74 The applicant does not dispute that paragraph in the application. Moreover, as was stated in paragraph 23 of the contested decision, the applicant itself admitted, in its letter of 19 August 2014, that unequal treatment of domestic and international traffic was not the subject of its complaint in the present case.
75 As for the complaint under Article 107 TFEU, it is sufficient to find that it is the subject of the proceedings lodged at the Court Registry under case number T 57/15.

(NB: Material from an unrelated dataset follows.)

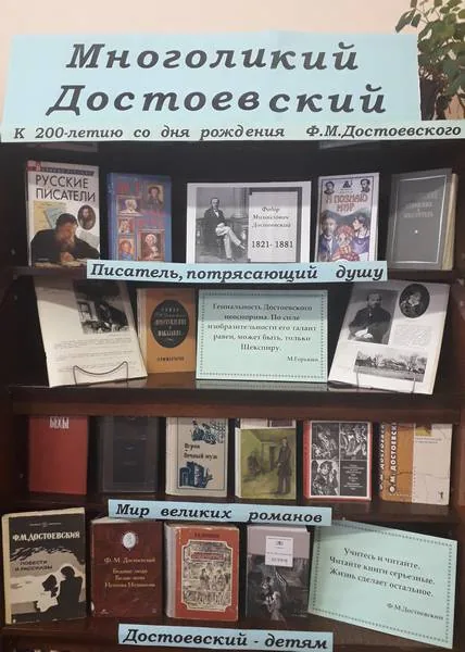 В связи с этим знаменательным событием в библиотеке-филиале №19 оформили выставку-дату «Многоликий Достоевский», на которой представлены издания о жизни и творчестве великого писателя, воспоминания современников, а также его бессмертные произведения. Вниманию читателей представлены книги из фонда библиотеки: «Преступление и наказание», «Идиот», «Бесы», «Игрок», «Белые ночи» и другие.

76 Furthermore, it should also be recalled that the Court cannot substitute its own assessment of the EU interest for that of the Commission by considering whether criteria other than those applied by the Commission in the contested decision should have led it to the conclusion that there was an EU interest in continuing its investigation of the case (judgment of 17 December 2014, Si.mobil v Commission, T 201/11, EU:T:2014:1096, paragraph 89 (not published)).
77 Therefore, it follows from the foregoing that the applicant's arguments concerning the fact that the Commission has had other complaints concerning the same case referred to it must be rejected.
78 It follows from the foregoing that the plea in law must be rejected and the action dismissed in its entirety.
Costs
79 Under Article 134(1) of the Rules of Procedure, the unsuccessful party is to be ordered to pay the costs if they have been applied for in the successful party's pleadings.
80 Since the applicant has been unsuccessful, it must be ordered to pay the costs, in accordance with the form of order sought by the Commission.
On those grounds,
THE GENERAL COURT (Seventh Chamber)
hereby:
1. Dismisses the action;
2. Orders Trajektna luka Split d.d. to pay the costs.